RECORDS SHOWN below:

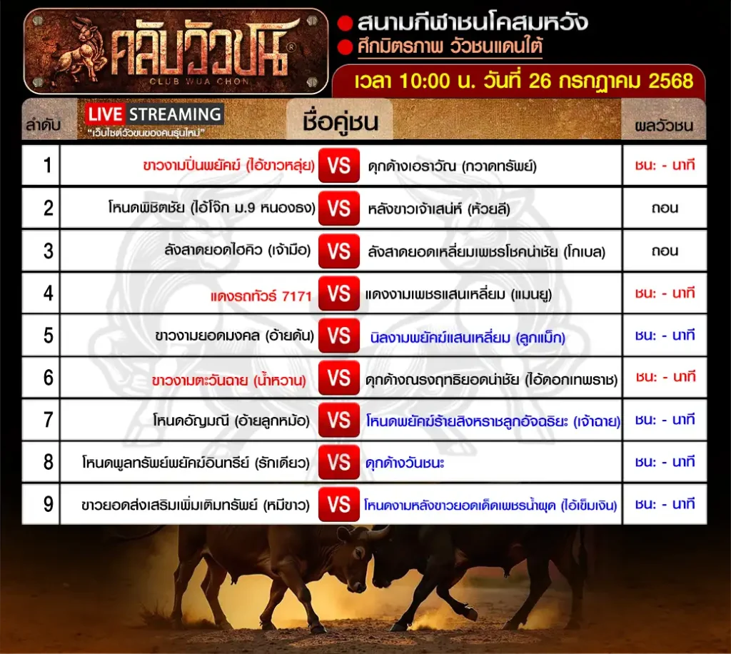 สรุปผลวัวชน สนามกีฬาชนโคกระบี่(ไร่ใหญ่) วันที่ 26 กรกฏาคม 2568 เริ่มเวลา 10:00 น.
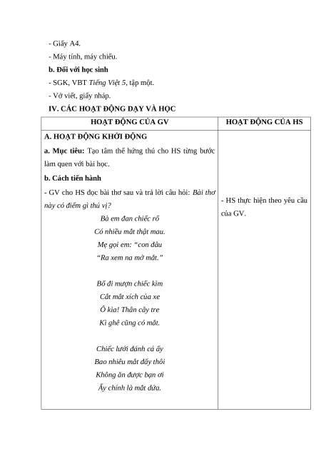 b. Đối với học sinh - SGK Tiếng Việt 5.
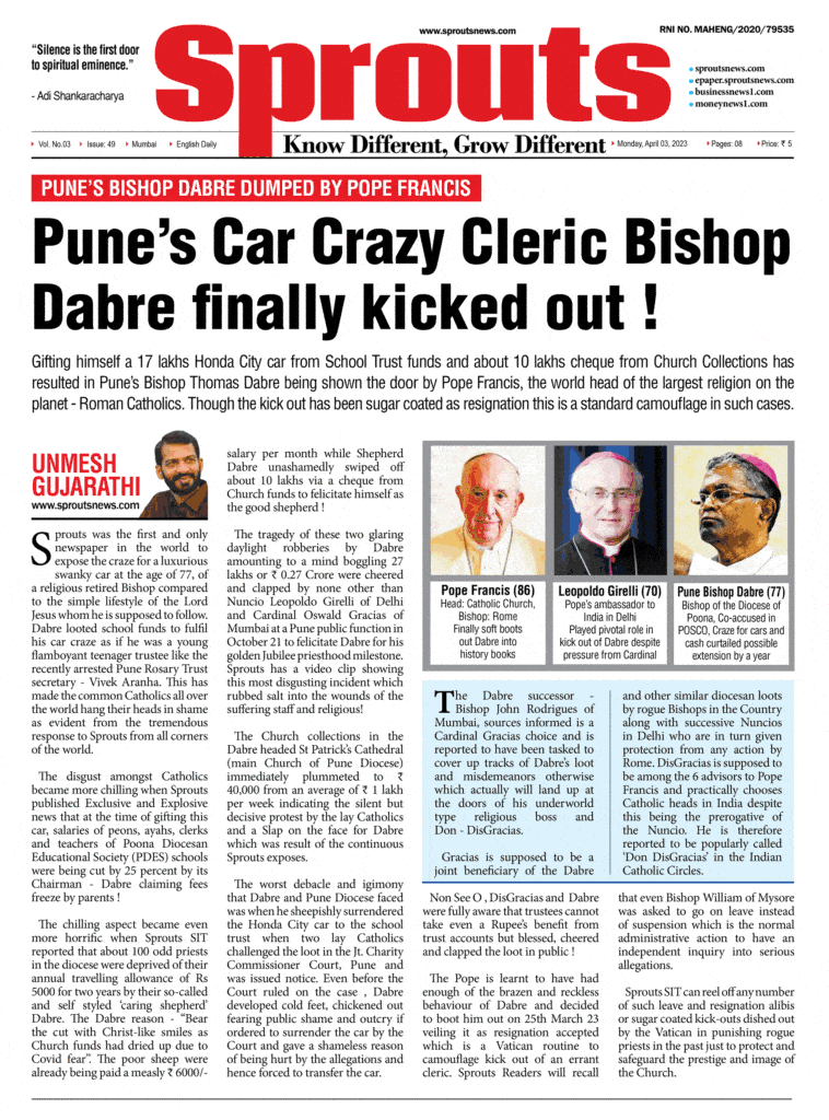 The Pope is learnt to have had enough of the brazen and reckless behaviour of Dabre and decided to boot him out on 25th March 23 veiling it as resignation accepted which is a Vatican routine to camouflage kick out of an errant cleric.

End of RECORDS SHOWN.
RECORDS SHOWN below:

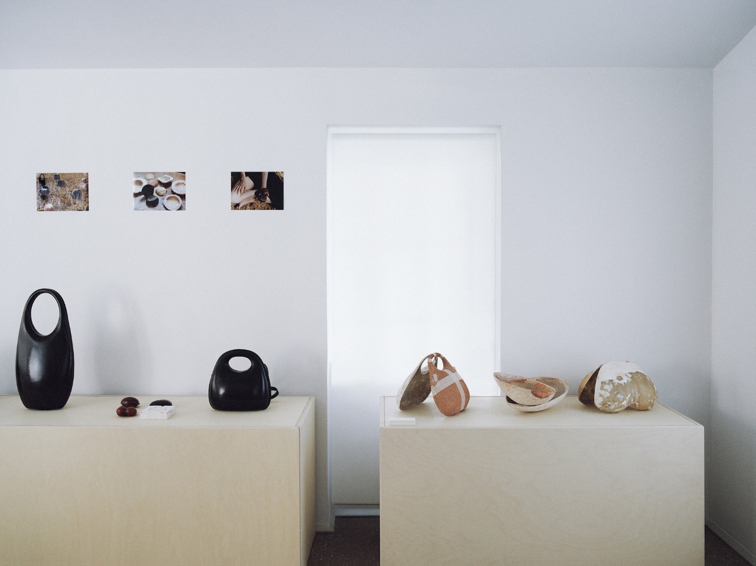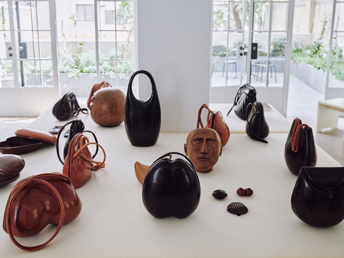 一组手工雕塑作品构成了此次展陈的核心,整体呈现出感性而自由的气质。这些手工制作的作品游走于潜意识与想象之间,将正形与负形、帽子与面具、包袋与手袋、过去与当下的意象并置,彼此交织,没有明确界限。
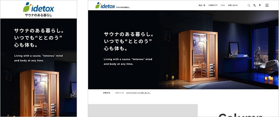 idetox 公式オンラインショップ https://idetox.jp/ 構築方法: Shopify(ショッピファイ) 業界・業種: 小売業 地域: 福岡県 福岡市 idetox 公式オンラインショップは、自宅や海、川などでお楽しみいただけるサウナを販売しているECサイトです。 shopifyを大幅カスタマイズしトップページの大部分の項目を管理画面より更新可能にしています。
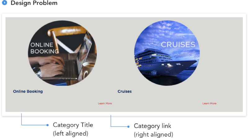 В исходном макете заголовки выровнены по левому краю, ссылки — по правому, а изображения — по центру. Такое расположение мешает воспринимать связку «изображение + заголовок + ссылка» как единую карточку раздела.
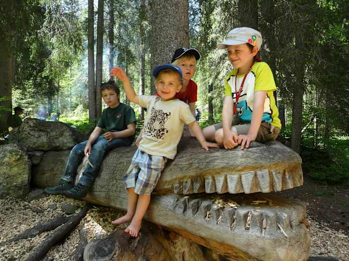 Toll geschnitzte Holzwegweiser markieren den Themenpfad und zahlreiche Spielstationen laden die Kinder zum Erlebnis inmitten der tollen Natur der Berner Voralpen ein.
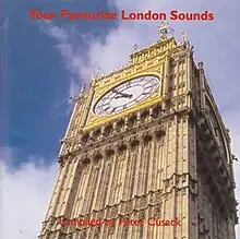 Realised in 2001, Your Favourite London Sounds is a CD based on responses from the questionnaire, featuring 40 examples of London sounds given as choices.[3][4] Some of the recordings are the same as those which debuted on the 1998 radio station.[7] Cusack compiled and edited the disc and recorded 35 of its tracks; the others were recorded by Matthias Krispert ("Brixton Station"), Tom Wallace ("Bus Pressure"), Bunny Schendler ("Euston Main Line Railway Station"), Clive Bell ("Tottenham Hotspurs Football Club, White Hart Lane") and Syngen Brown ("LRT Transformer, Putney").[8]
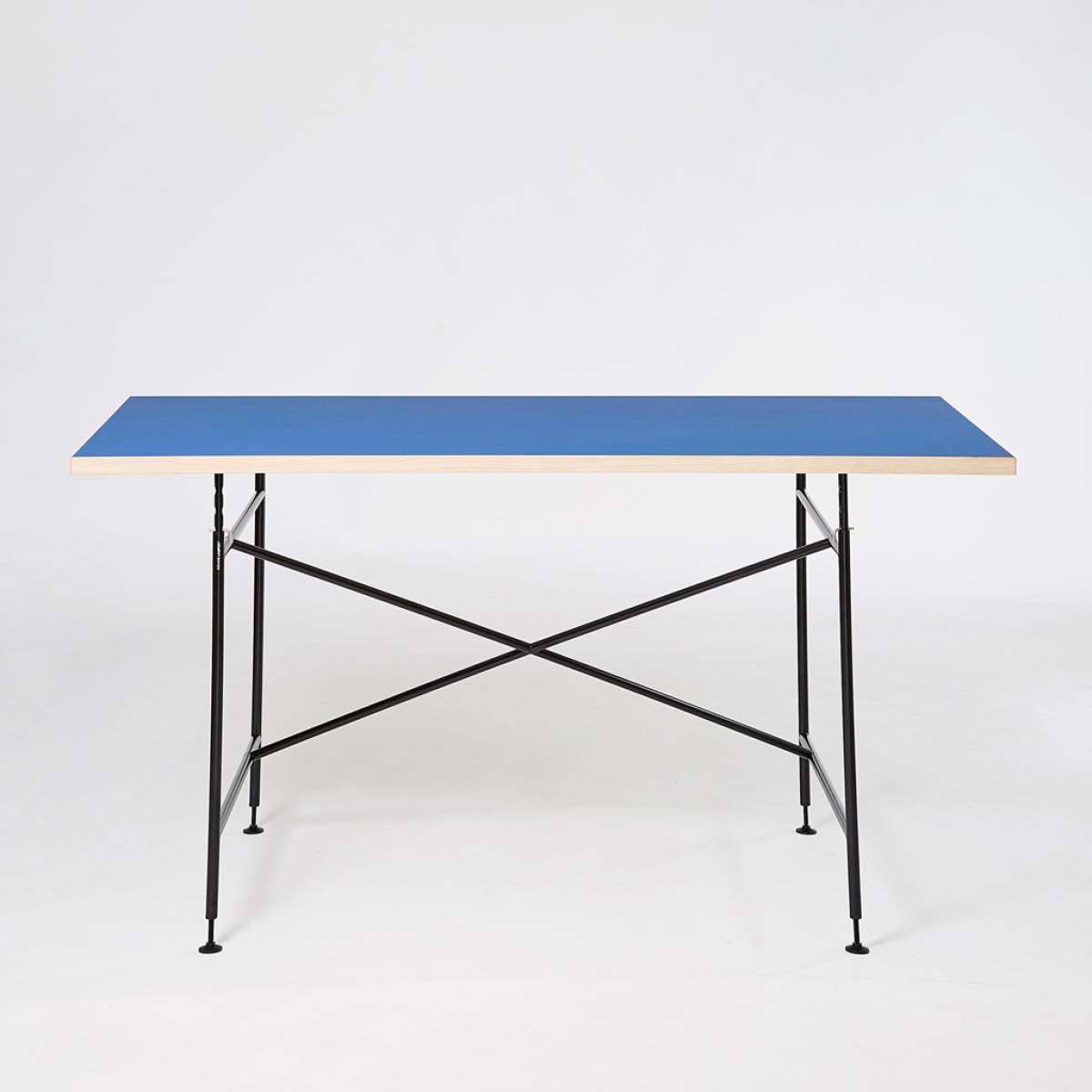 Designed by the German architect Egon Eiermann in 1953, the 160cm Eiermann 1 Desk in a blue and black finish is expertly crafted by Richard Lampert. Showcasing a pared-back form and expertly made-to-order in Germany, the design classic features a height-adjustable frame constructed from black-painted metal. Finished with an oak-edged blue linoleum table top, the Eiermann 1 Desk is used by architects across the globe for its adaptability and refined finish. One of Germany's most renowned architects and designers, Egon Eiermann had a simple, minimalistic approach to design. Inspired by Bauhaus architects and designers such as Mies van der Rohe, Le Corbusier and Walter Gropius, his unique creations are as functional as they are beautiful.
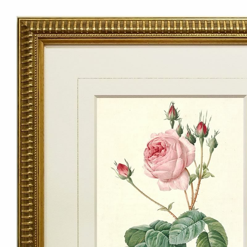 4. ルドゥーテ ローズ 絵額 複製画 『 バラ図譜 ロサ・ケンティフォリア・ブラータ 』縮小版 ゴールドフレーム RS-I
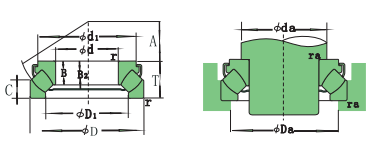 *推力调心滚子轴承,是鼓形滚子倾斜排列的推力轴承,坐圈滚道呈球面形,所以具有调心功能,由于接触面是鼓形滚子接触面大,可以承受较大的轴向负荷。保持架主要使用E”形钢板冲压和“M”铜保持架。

End of RECORDS SHOWN.
RECORDS SHOWN below:

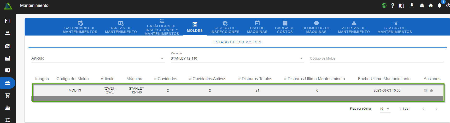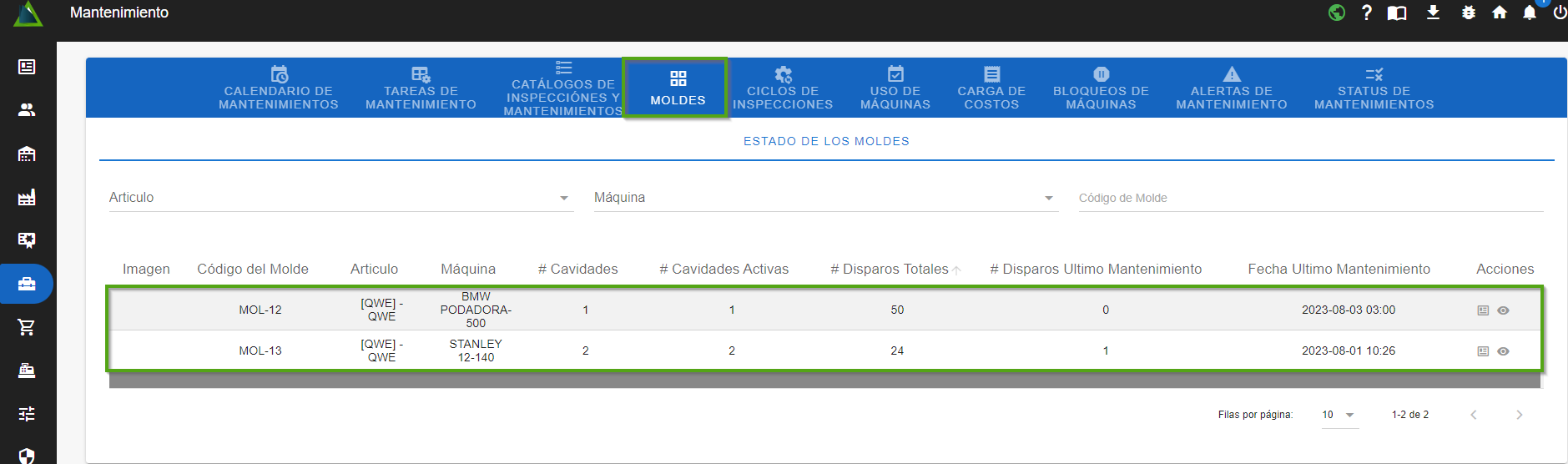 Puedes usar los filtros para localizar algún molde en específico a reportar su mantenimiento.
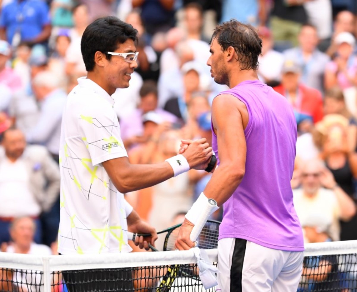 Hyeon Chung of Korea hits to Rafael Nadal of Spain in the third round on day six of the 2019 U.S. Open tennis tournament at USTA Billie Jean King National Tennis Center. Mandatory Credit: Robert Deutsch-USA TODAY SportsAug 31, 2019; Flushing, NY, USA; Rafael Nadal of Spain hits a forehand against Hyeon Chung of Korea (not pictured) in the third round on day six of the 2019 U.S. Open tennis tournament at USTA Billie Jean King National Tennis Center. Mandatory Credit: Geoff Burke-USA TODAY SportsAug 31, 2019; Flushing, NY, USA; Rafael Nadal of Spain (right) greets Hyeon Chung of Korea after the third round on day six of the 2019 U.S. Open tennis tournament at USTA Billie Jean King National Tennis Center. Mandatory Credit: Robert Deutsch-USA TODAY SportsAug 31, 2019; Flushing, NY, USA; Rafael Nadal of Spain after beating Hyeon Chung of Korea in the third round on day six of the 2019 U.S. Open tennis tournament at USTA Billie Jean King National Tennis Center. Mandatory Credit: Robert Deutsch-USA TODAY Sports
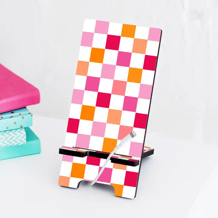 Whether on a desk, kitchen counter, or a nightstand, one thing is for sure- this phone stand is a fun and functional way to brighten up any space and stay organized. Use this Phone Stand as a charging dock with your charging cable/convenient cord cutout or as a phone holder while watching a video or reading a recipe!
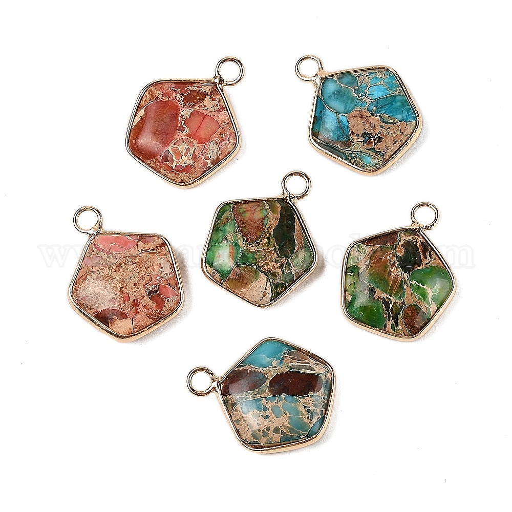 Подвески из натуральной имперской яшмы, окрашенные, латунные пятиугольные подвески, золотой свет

End of RECORDS SHOWN.

Treat the line with "สรุปผลวัวชน สนามกีฬาชนโคกระบี่(ไร่ใหญ่) วันที่" as the start and the line with "The Pope is" as the end, and return exactly that span of the data above, both ends included, without pictures.

EXERCISE SOLUTION:
 สรุปผลวัวชน สนามกีฬาชนโคกระบี่(ไร่ใหญ่) วันที่ 26 กรกฏาคม 2568 เริ่มเวลา 10:00 น.
 b. Đối với học sinh - SGK Tiếng Việt 5.
 The Pope is learnt to have had enough of the brazen and reckless behaviour of Dabre and decided to boot him out on 25th March 23 veiling it as resignation accepted which is a Vatican routine to camouflage kick out of an errant cleric.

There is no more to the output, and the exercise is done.